-- Opening Marker --

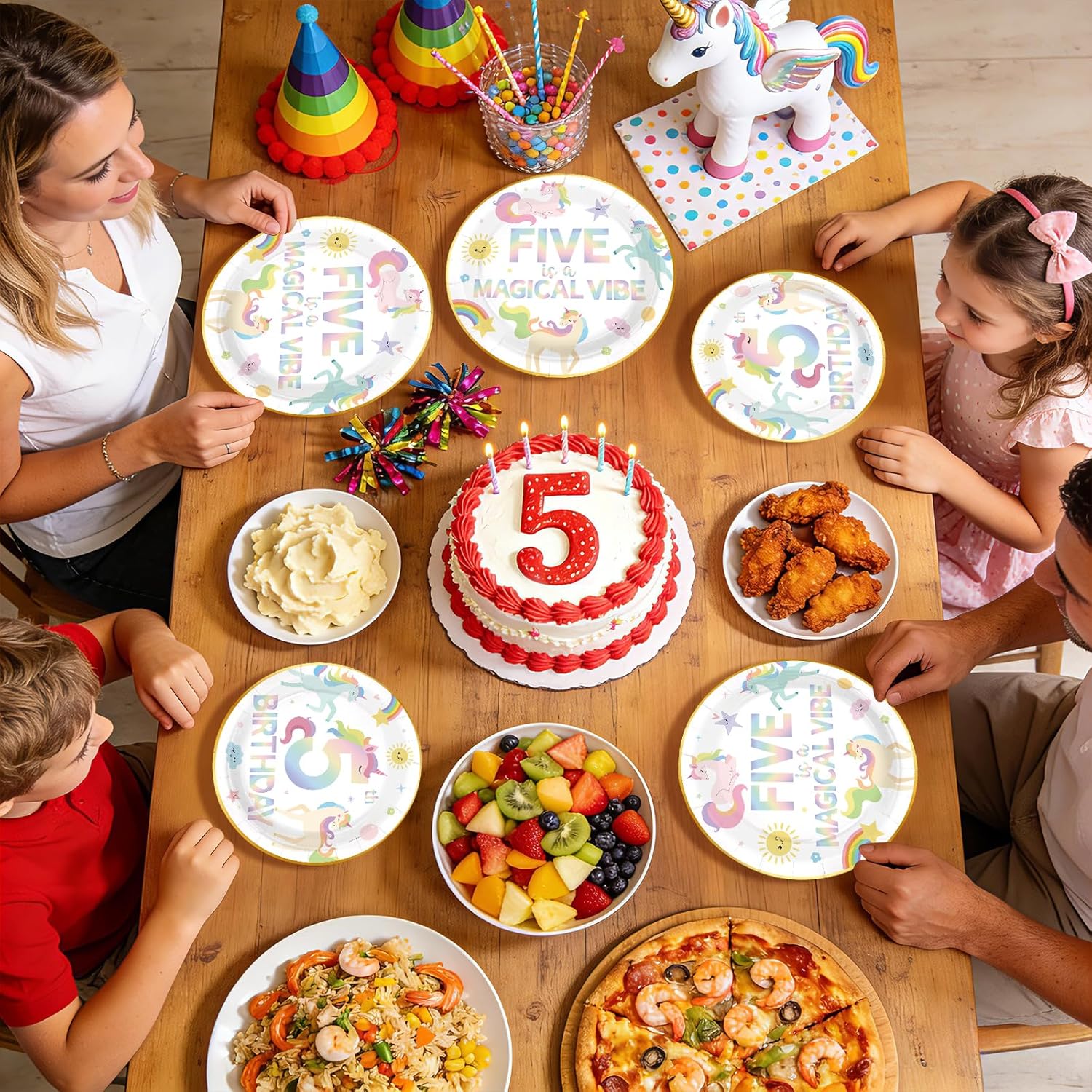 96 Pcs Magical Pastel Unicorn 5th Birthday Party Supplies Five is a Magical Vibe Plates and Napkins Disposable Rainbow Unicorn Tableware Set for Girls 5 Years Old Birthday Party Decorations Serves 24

-- Closing Marker --
-- Opening Marker --

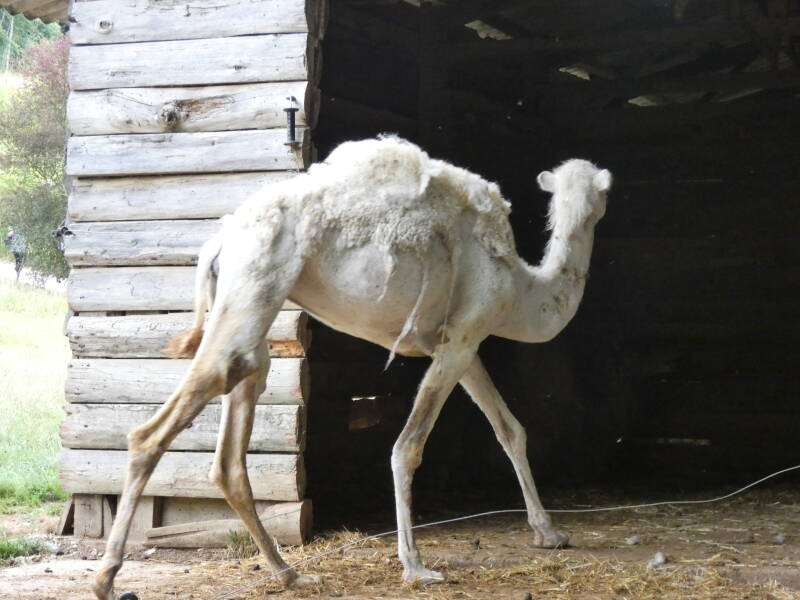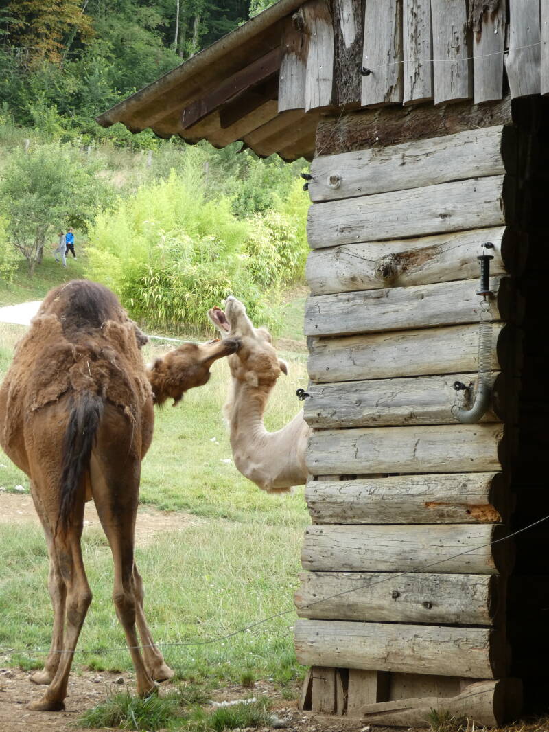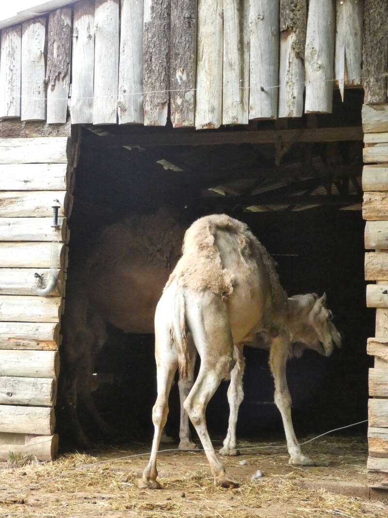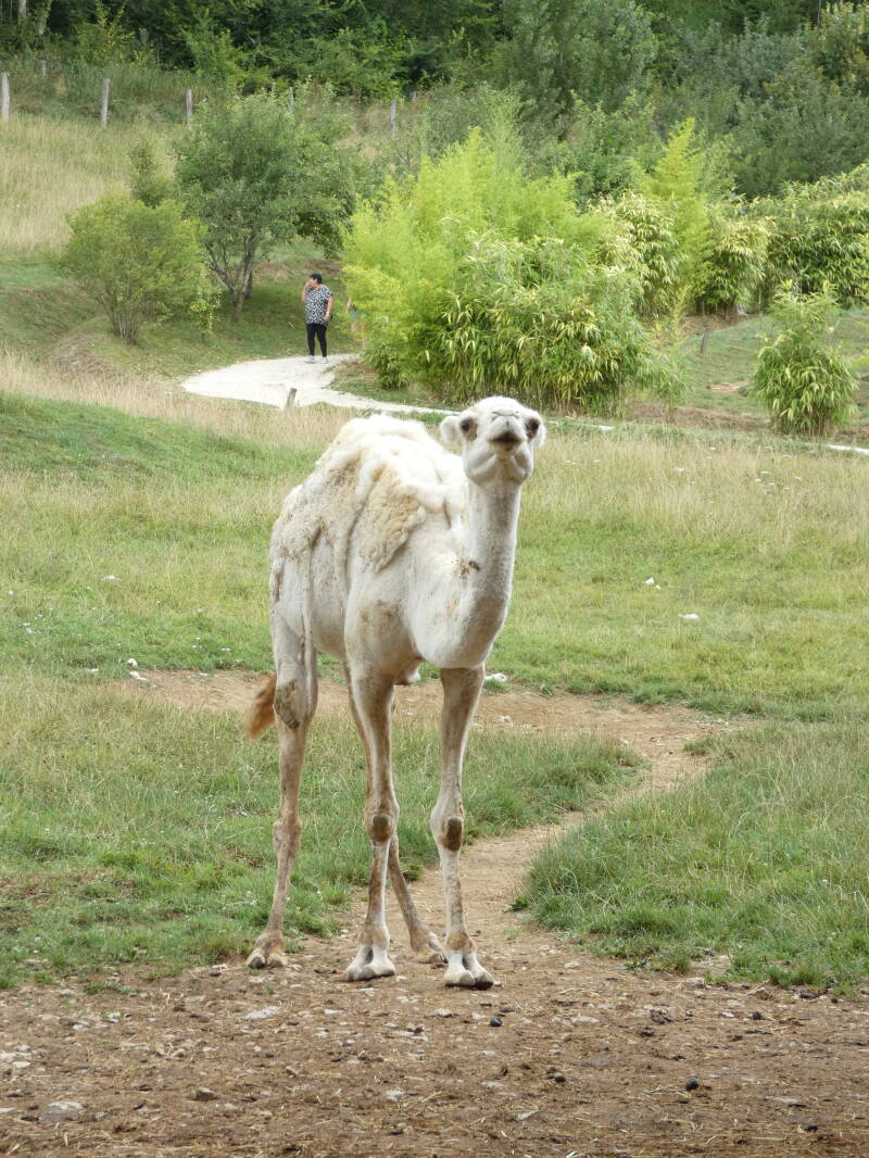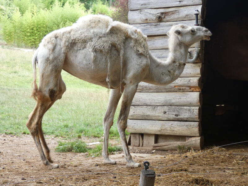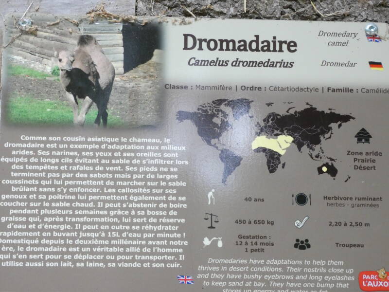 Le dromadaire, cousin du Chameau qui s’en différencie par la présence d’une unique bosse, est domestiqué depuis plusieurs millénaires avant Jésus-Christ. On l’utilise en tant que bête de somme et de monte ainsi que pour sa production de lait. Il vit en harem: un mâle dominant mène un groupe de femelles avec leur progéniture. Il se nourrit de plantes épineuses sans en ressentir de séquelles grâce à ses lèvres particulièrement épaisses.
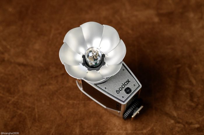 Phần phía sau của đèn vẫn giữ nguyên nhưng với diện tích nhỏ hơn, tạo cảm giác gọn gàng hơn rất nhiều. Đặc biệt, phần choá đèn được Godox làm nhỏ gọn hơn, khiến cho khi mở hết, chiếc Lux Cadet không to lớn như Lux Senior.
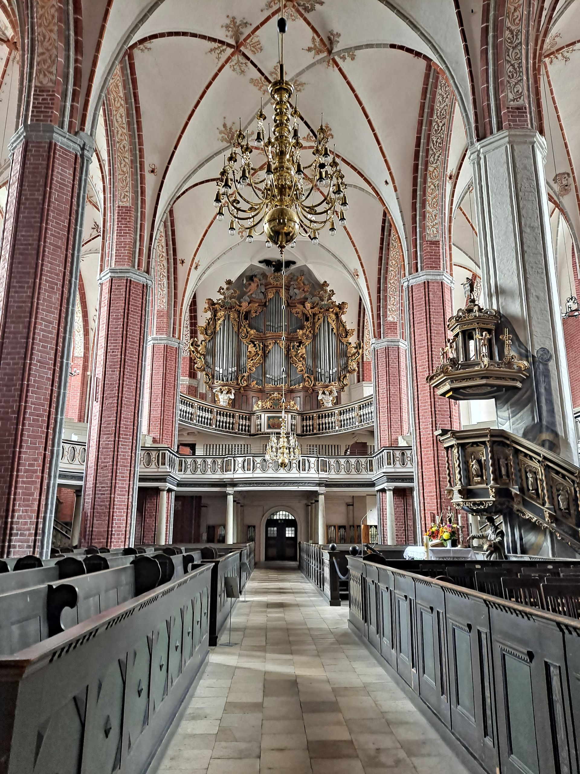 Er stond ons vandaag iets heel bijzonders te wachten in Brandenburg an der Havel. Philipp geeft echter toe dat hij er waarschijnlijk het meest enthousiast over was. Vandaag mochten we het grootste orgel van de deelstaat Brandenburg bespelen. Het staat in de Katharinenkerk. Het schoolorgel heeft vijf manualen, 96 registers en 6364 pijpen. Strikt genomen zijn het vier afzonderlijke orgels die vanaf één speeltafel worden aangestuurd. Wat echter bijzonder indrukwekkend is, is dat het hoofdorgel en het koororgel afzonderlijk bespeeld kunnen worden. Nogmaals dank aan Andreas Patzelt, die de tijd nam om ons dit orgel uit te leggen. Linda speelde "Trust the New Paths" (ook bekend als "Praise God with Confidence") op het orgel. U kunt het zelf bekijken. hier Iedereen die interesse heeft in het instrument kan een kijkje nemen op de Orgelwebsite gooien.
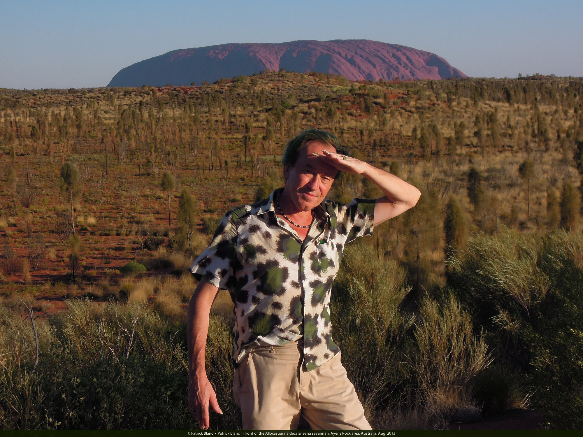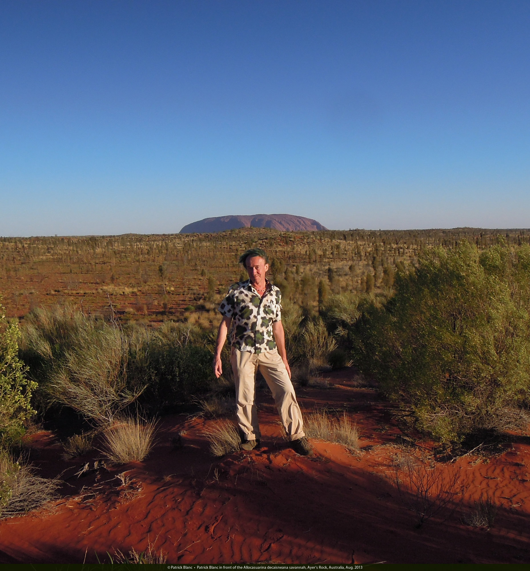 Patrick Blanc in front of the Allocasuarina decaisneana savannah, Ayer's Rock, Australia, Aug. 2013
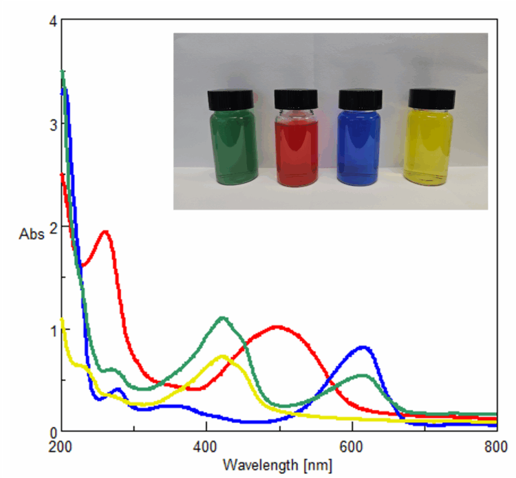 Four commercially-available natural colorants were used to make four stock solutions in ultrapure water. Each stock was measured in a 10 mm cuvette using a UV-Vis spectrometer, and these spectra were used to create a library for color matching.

-- Closing Marker --

▶ **What needs to be done**: Above are records with pictures. Reproduce exactly only the lines from the line with "Le dromadaire, cousin" through the line with "Phần phía sau", both ends included, and leave the pictures out.

▶ **Response box**:
 Le dromadaire, cousin du Chameau qui s’en différencie par la présence d’une unique bosse, est domestiqué depuis plusieurs millénaires avant Jésus-Christ. On l’utilise en tant que bête de somme et de monte ainsi que pour sa production de lait. Il vit en harem: un mâle dominant mène un groupe de femelles avec leur progéniture. Il se nourrit de plantes épineuses sans en ressentir de séquelles grâce à ses lèvres particulièrement épaisses.
 Phần phía sau của đèn vẫn giữ nguyên nhưng với diện tích nhỏ hơn, tạo cảm giác gọn gàng hơn rất nhiều. Đặc biệt, phần choá đèn được Godox làm nhỏ gọn hơn, khiến cho khi mở hết, chiếc Lux Cadet không to lớn như Lux Senior.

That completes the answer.